Last March marked the 10-year anniversary of the signage of the Patient Protection and Affordable Care Act (PPACA) into law by then-President Barack Obama. Despite the fierce opposition against the law in the early 2010s and more than 70 attempts by the House of Representatives to repeal it, the Affordable Care Act remains the law of the land today.
While the ACA has survived the test of a decade of partisan politics in Congress, its expansion of Medicaid—a healthcare program administered by the states for low income Americans—has yet to be implemented in some states in part due to the Supreme Court’s ruling on the case of National Federation of Independent Business v. Sebelius (2012). In a 5-4 decision along ideological lines, the Supreme Court’s majority opinion—written by conservative Chief Justice John Roberts—stated that the ACA’s expansion of Medicaid must be approved by the governments of each individual state.
Prior to the ACA, the eligibility requirements for Medicaid were limited to families below the poverty line with children or disabilities. This left out many low-income adults who were making too much money to qualify but too little to afford private insurance, as well as those who did not have children or disabilities. With the passage of the ACA, an adult earning up to 138% of the Federal Poverty Line ($17,609 a year) would be able to qualify for Medicaid, but only if they happened to live in a state that accepted Medicaid expansion as stipulated by the Supreme Court. By accepting Medicaid expansion, states would receive funding from the federal government that would cover 90% of the costs, with the remaining 10% to be paid by the states themselves.
As of July 2020, 37 states across the United States have accepted Medicaid expansion, while the 13 other states’ legislatures have blocked it (1). Missouri is one of the states that has yet to expand Medicaid. As a result, there are 350,000 Missourians who have no access to healthcare who would otherwise be covered under the Medicaid expansion. With most legislators in the Missouri State House and Senate being opposed to Medicaid expansion, it is unlikely that legislative action will be taken on the issue. An analysis done by healthcare writer Louise Norris predicts that if Missouri does not expand Medicaid by 2022, it will reject nearly $18 billion in federal funds over 10 years, despite Missourians already paying taxes for it.
Opponents argue that the remaining 10% of the cost for Medicaid expansion (approximately $200 million) that must be put forth by the state is too high of a cost to pay. Republican Missouri Governor Mike Parson and Republican State Representative Cody Smith have argued that the state cannot afford to increase spending, especially during a pandemic when unemployment is high and likely to result in an increase in Medicaid enrollees (2).

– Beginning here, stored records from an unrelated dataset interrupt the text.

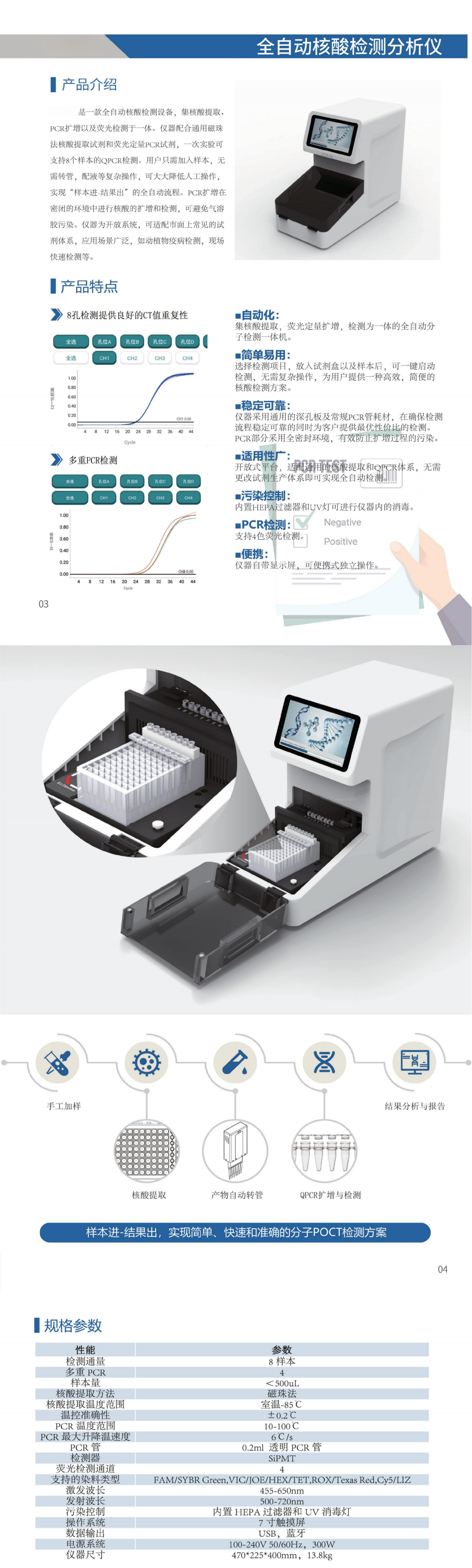 PCR扩增以及荧光检测于一体。仪器配合通用磁珠法核酸提取试剂和荧光定量PCR试剂,一次实验可支持8个样本的QPCR检测。用户只需加入样本,无需转管,配液等复杂操作,可大大降低人工操作,实现“样本进-结果出”的全自动流程。PCR扩增在密闭的环境中进行核酸的扩增和检测,可避免气溶胶污染。仪器为开放系统,可适配市面上常见的试剂体系,应用场景广泛,如动植物疫病检测,现场快速检测等。
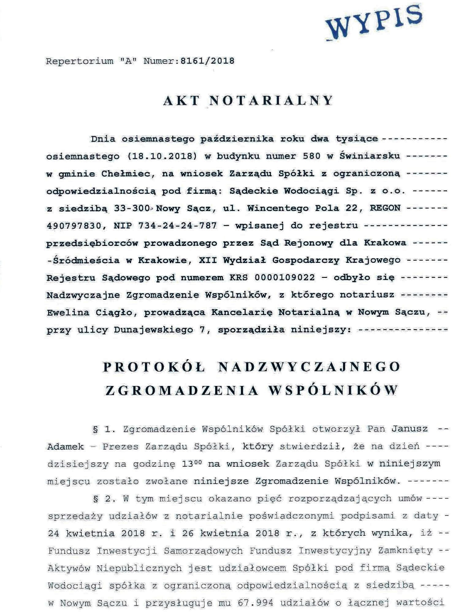 W związku z publikacją nieprawdziwych informacji na stronie internetowej jednej z sądeckich telewizji informujemy, że Nadzwyczajne Zgromadzenie Wspólników, na którym dokonano podwyższenia kapitału zakładowego Spółki, zmiany umowy Spółki i uchwalenia tekstu jednolitego Spółki, odbyło się 18 października 2018 roku.
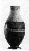 | Description: | Handle and part of lip missing. Flaring foot, unglazed beneath. Neck and shoulder unglazed. Body black glazed with wide purple stripe around middle. Fine pinkish-buff clay. Dull black glaze. Cf. P 984. | |
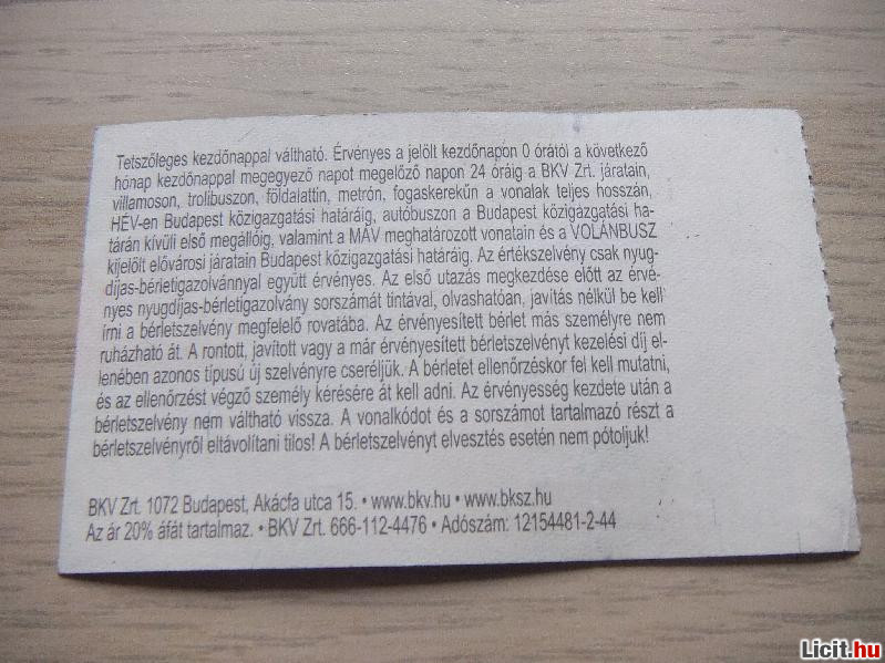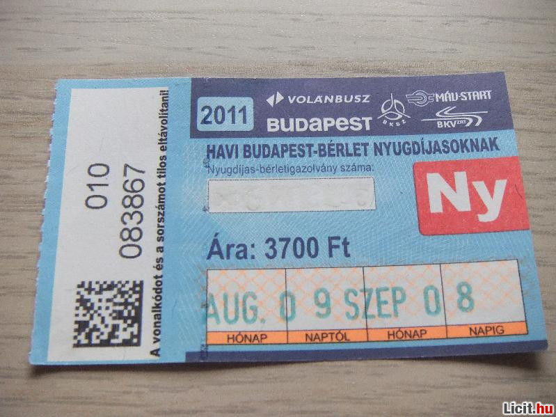 Havi Bérlet 2011 Augusztus | Termékkód: 1062364607 |
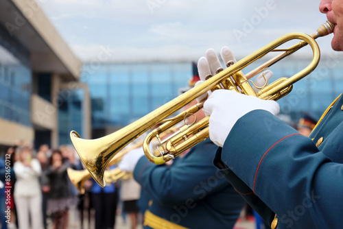 © SKfoto, Obraz premium A military brass band plays on a city street.
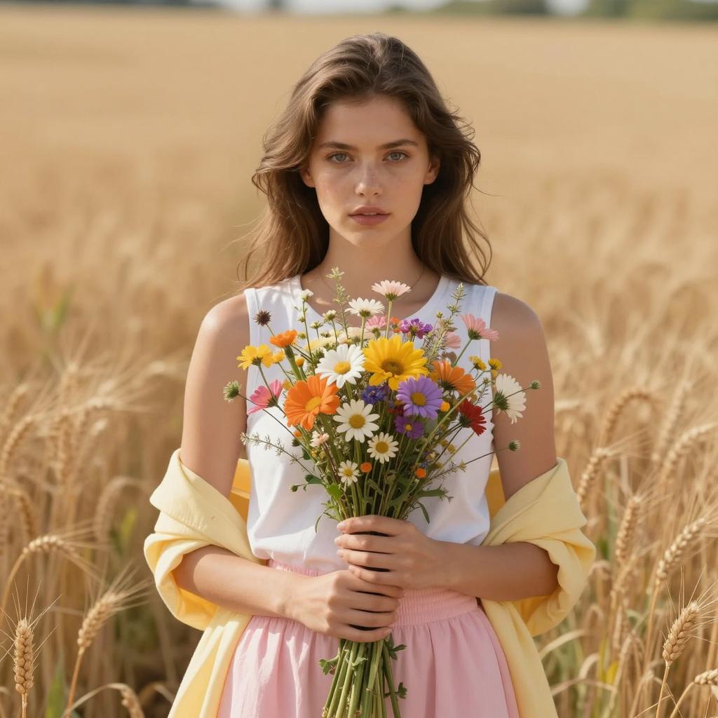 Portrait of a blonde woman with light skin, blue eyes, and pink lips wearing a ruffled pink dress standing in a field of red poppy flowers under bright daylight with a blue sky background. The woman has a neutral expression.

On the other hand, proponents of Medicaid expansion estimate that there could be net cost savings for the state. According to a report from health policy researchers Matt Powers, Sharon Silow-Carrol, and Jack Meyer, states that expanded Medicaid, such as Arkansas, Michigan, and Montana, saved millions of dollars in their state budgets. This is due to the fact that the increased coverage of the population provides people with potential chronic illnesses the ability to receive treatments that decrease the likelihood of patients needing costlier treatments in the future such as ER visits and inpatient care. Additionally, the study found that Medicaid expansion would create more jobs and increase personal earnings as access to Medicaid would make job searches easier as well as providing people with more disposable income to pay for other goods rather than healthcare premiums.

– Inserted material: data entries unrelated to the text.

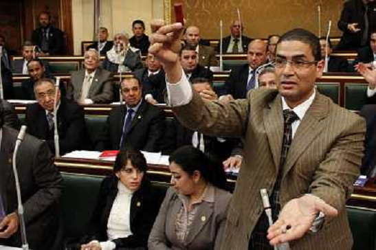 07/02/2012 Personaggi ITALY ONLY - Egitto: Un membro del parlamento mostra proiettili di gomma sparati dalla polizia duran ...
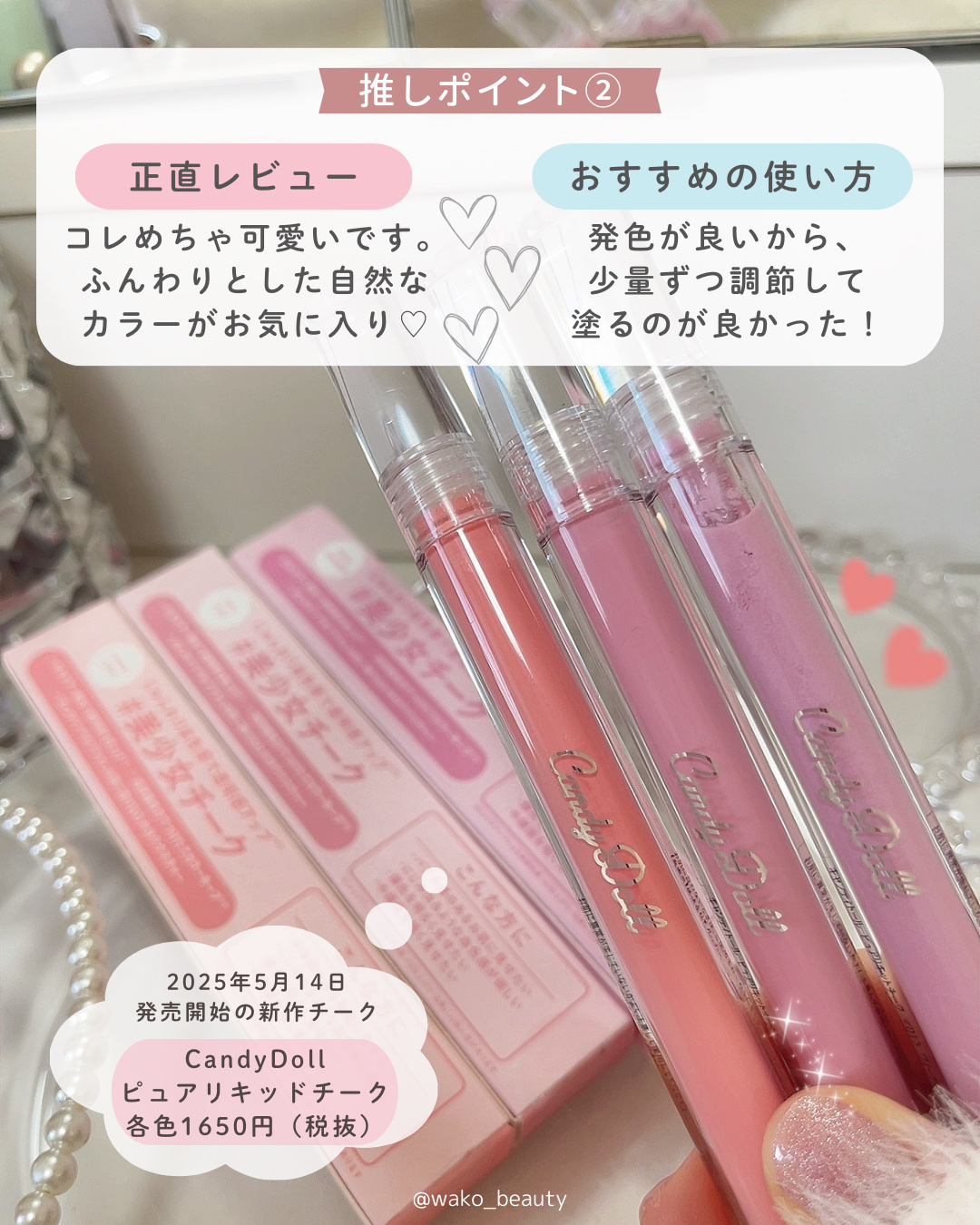 白みチークで余白を埋めて"中顔面短縮効果"を狙える🩷キャンディドールのふわふわリキッドチーク🌸キャンディドールさまから頂きました◎CandyDollピュアリキッドチーク01ヴィーナスラベンダー02アイドルピンク03チャーミーコーラルキャンディ...
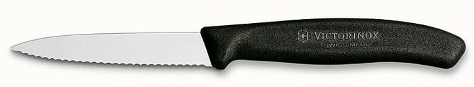 Při použití v myčce se ujistěte, že se nůž nedotýká jiných kovových předmětů v košíku na příbory. Z dlouhodobého hlediska se mohou používáním v myčce objevit změny intenzity barvy rukojeti a reznutí čepele. nůž 8cm kuch.VLNKA, ČERNÝ, VICTORINOX
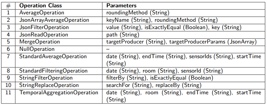 Operations describe transformations to apply to Producer outputs, such as filtering rows by time window, or counting occurrences where a sensor value meets specific conditions. Operations can be chained to build a full processing pipeline within a single query.
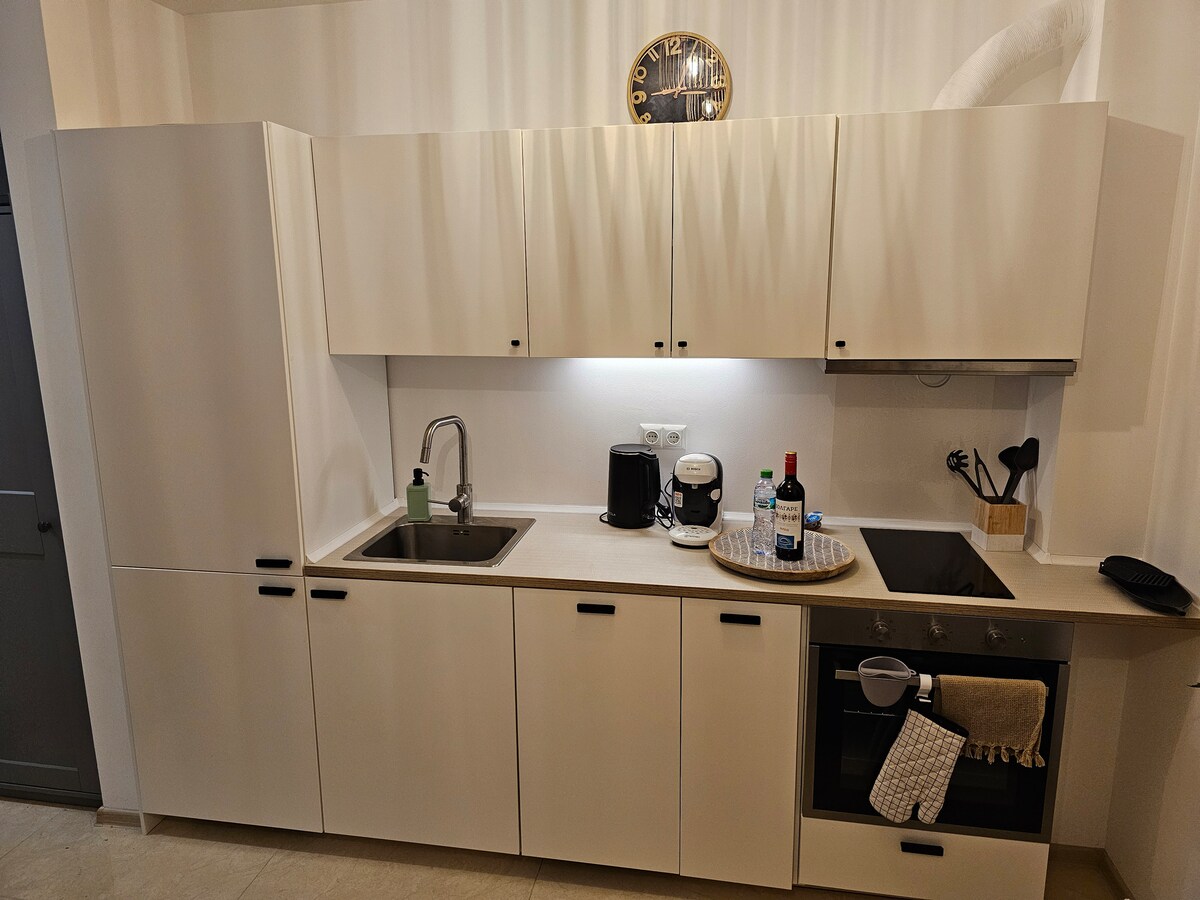 Moderno y acogedor apartamento de 1 dormitorio con vistas a la piscina en un nuevo complejo. Capacidad para 4 personas. Cocina totalmente equipada, aire acondicionado, lavadora, 2 televisores. Zona de barbacoa, piscina, acceso al spa (descuentos), estacionamiento bajo petición. A 10 minutos a pie de la playa, tiendas, restaurantes. A 30 km del aeropuerto de Burgas. Ideal para vacaciones o trabajo remoto.

Even though the Missouri government may be reluctant to approve Medicaid expansion, the fight to pass it is not a lost cause. A successful petition drive was launched last year to put Medicaid expansion to a referendum, and on August 4th Missourians will have the opportunity to expand Medicaid at the ballot box. This tactic of deciding Medicaid expansion through popular vote isn’t unique to Missouri: Maine, Idaho, Nebraska, Utah and Oklahoma have put Medicaid expansion to a vote despite governors or legislatures of the states opposing it. In all of these referendums, the “Yes” vote to expand Medicaid prevailed. Despite the ACA’s controversiality among the general public as well as members of Congress, the law’s provision of Medicaid expansion is evidently popular, even in strongly Republican states.
While this referendum may be high stakes one, there has yet to be any polling on it. Thus, it will remain unclear if the “Yes” side or the “No” side will prevail until the election returns come in on August 4th. Whether or not Missouri decides to expand Medicaid next month, the debate on healthcare will still remain an important issue in the state and the nation for years to come. With 49% of the country relying on employer-sponsored insurance, the rise in unemployment as caused by COVID-19 is bound to keep healthcare issues on people’s minds for the foreseeable future (3).